■ SUPPLIED DATA
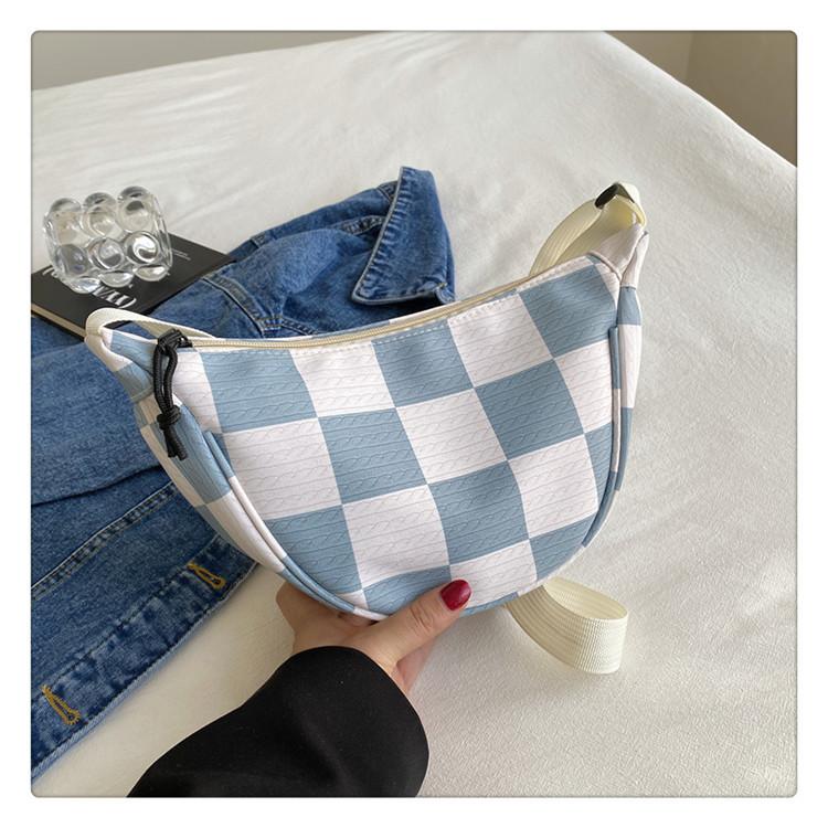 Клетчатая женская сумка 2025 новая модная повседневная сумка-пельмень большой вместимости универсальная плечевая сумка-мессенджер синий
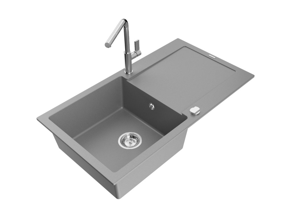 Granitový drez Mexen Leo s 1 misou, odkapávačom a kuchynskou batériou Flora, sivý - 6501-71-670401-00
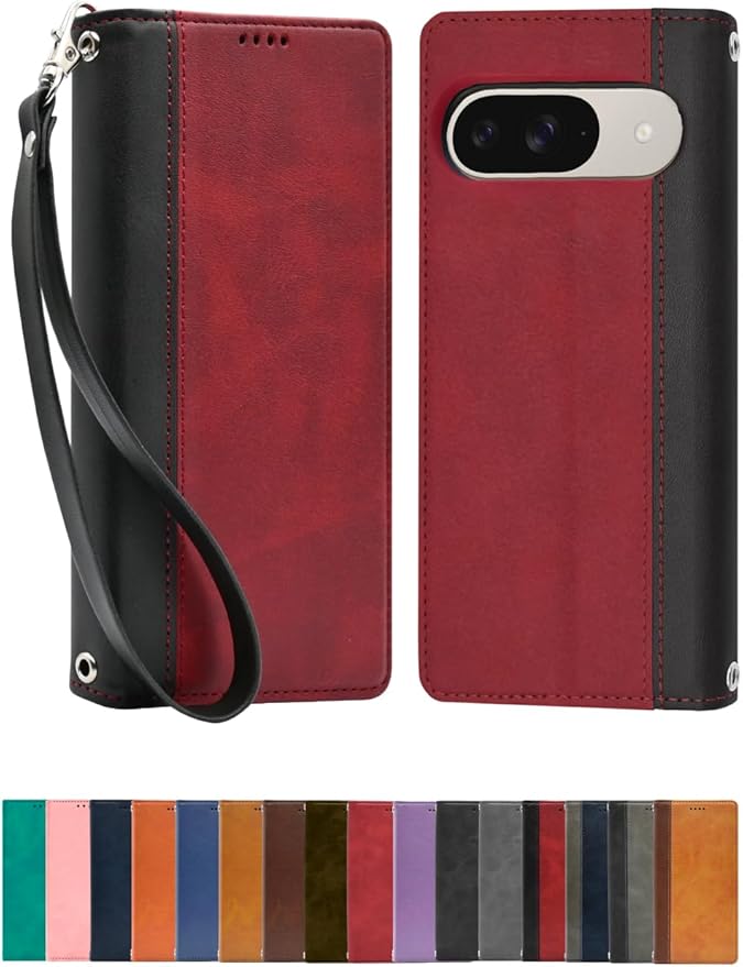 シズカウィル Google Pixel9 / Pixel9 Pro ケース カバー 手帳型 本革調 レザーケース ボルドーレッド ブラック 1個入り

--

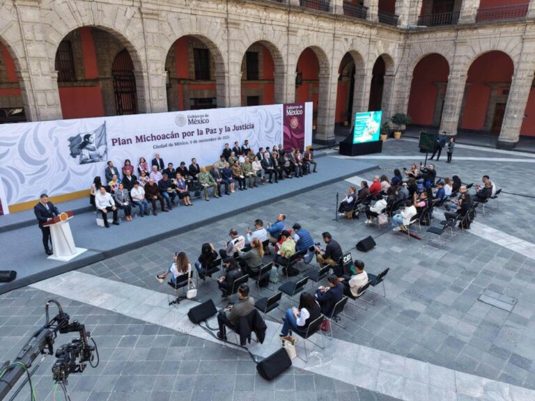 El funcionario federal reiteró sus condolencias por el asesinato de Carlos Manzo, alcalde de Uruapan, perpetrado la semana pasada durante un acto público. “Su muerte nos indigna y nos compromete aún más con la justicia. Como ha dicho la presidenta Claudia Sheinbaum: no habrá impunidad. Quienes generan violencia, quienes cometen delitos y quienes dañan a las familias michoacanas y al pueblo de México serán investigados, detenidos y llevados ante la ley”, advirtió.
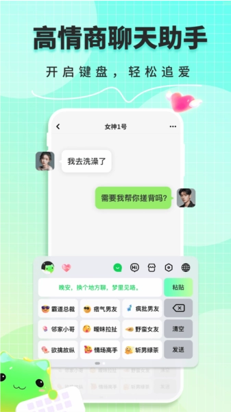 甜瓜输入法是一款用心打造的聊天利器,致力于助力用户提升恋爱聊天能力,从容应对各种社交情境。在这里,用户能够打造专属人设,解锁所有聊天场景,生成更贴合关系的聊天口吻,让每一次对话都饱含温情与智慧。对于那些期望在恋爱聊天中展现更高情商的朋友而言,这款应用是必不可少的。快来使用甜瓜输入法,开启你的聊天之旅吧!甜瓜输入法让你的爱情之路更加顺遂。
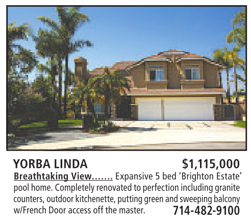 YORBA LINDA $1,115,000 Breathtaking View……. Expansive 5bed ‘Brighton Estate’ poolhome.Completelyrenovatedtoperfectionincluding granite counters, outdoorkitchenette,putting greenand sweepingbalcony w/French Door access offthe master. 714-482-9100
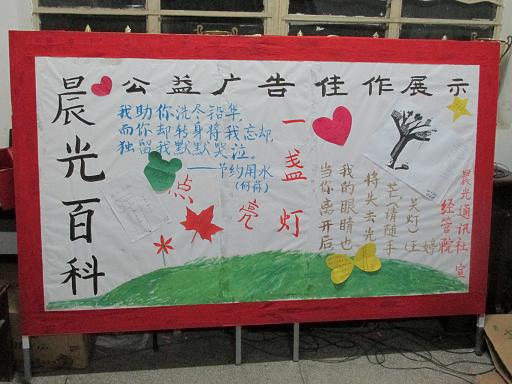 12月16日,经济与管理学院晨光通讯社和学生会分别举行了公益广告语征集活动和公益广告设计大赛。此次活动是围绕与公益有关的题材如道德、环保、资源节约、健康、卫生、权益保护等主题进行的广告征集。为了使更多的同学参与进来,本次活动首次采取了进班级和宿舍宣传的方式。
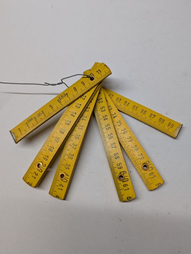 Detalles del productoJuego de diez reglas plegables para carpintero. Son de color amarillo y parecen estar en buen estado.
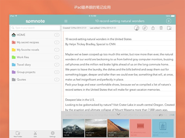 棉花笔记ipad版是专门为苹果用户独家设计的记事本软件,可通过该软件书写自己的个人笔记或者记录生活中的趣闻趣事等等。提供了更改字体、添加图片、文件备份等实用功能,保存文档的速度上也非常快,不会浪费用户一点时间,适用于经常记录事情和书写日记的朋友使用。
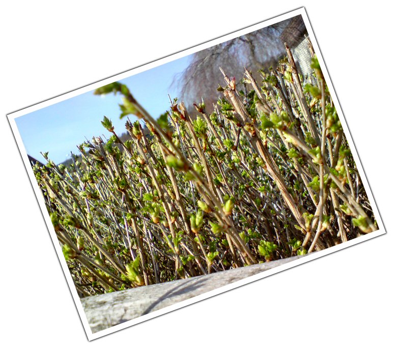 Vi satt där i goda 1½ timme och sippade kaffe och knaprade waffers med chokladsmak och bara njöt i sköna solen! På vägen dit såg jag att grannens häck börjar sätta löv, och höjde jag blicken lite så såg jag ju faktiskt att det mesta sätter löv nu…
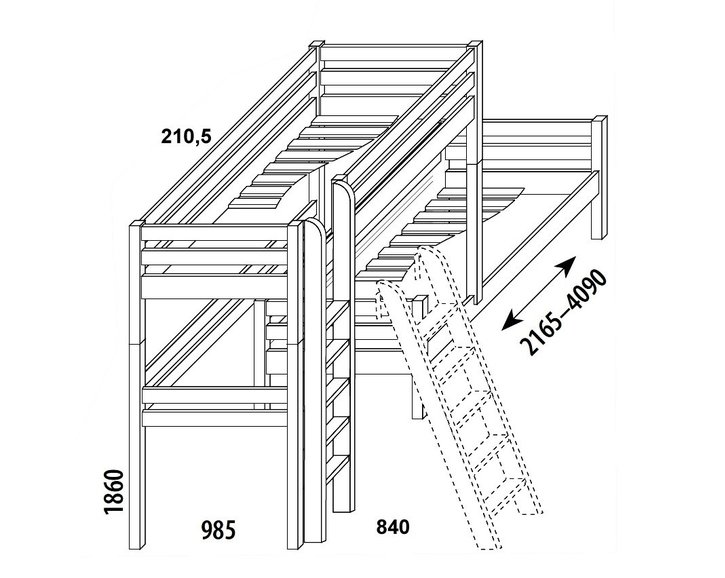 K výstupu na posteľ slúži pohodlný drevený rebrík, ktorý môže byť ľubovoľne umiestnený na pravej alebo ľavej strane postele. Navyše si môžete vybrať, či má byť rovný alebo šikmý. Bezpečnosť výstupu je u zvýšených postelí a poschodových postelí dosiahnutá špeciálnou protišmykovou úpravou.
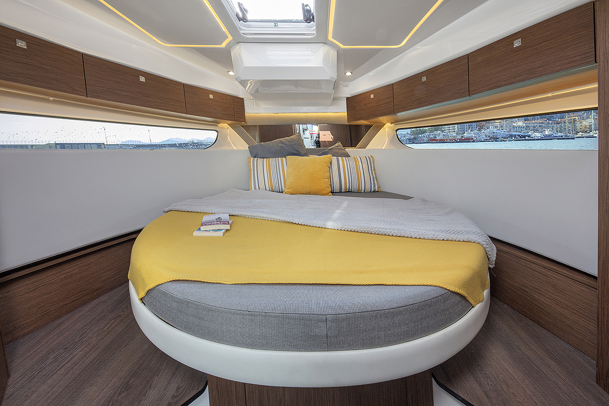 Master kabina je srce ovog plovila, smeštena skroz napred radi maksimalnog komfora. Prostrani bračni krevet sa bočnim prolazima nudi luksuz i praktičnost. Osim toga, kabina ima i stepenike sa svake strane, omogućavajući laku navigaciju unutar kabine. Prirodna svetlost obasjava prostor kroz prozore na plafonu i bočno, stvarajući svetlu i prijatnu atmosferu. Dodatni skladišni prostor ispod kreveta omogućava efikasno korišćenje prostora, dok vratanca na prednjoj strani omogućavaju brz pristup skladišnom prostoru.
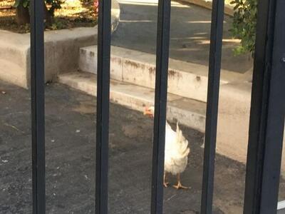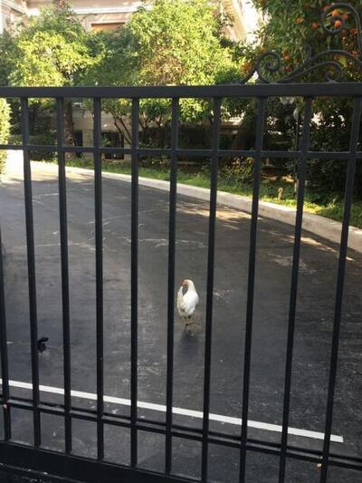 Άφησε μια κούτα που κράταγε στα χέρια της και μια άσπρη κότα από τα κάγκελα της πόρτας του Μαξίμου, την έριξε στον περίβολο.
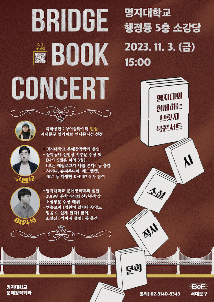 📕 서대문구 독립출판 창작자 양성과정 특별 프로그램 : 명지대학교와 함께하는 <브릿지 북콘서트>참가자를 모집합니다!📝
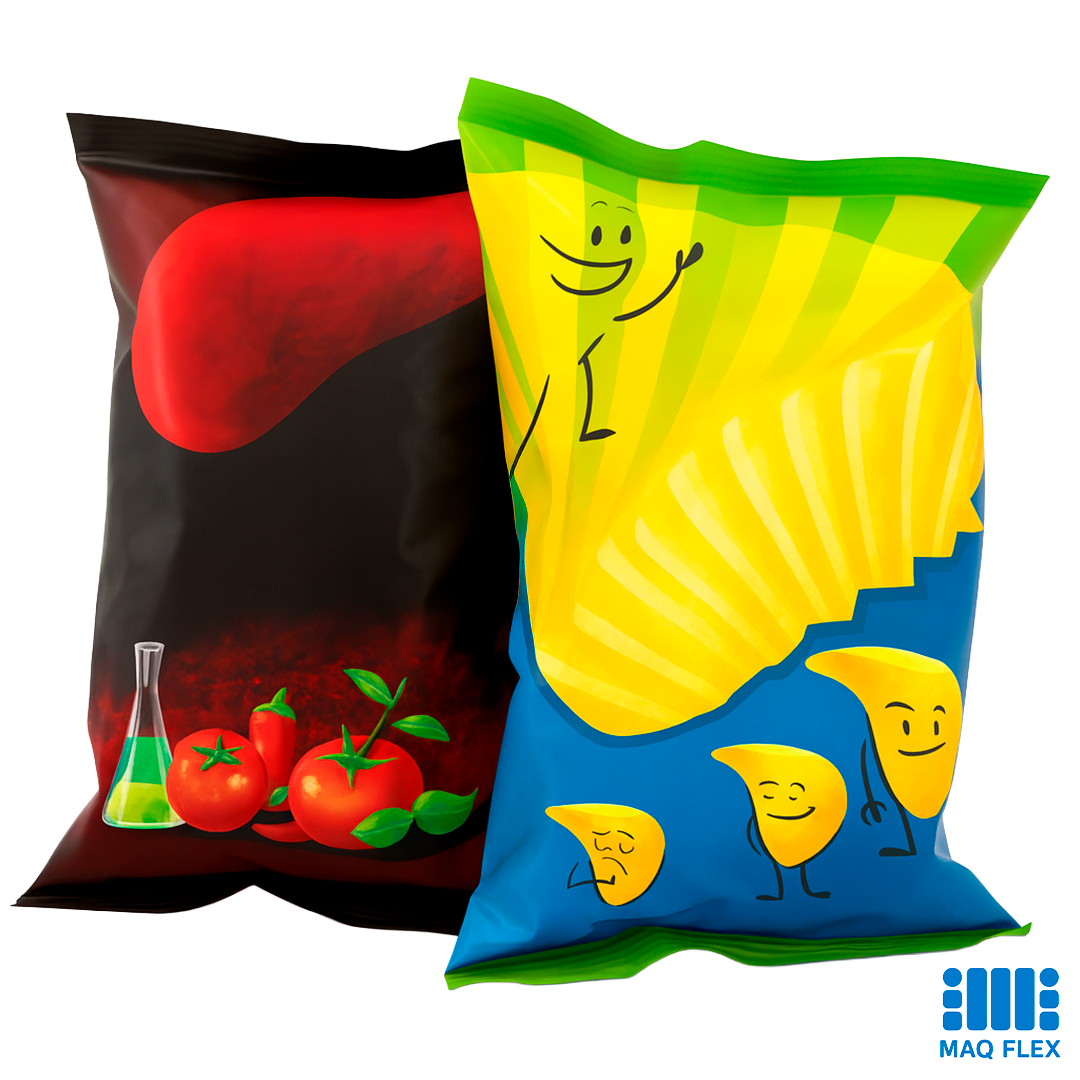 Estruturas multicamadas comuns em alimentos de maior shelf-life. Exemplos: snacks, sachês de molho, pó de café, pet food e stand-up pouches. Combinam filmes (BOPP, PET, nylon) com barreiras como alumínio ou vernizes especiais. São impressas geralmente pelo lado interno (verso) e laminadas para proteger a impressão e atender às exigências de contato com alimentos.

==

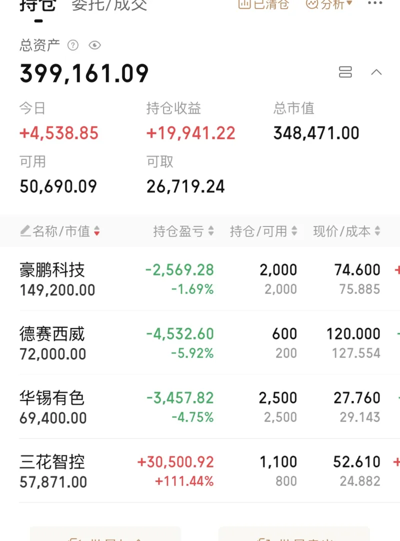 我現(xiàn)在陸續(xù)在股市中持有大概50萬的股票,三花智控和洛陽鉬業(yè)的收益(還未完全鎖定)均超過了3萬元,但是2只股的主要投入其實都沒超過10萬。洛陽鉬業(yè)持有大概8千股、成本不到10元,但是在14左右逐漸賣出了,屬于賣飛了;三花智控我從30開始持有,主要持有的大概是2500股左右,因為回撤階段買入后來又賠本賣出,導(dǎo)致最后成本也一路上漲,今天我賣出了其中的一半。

■ WORK ORDER
Having found the line with "甜瓜输入法是一款用心打造的聊" and the line with "YORBA LINDA $1,115,000" in the material above, write out exactly those two and every line between, leaving the pictures out.

■ OUTPUT FOR THIS TASK
 甜瓜输入法是一款用心打造的聊天利器,致力于助力用户提升恋爱聊天能力,从容应对各种社交情境。在这里,用户能够打造专属人设,解锁所有聊天场景,生成更贴合关系的聊天口吻,让每一次对话都饱含温情与智慧。对于那些期望在恋爱聊天中展现更高情商的朋友而言,这款应用是必不可少的。快来使用甜瓜输入法,开启你的聊天之旅吧!甜瓜输入法让你的爱情之路更加顺遂。
 YORBA LINDA $1,115,000 Breathtaking View……. Expansive 5bed ‘Brighton Estate’ poolhome.Completelyrenovatedtoperfectionincluding granite counters, outdoorkitchenette,putting greenand sweepingbalcony w/French Door access offthe master. 714-482-9100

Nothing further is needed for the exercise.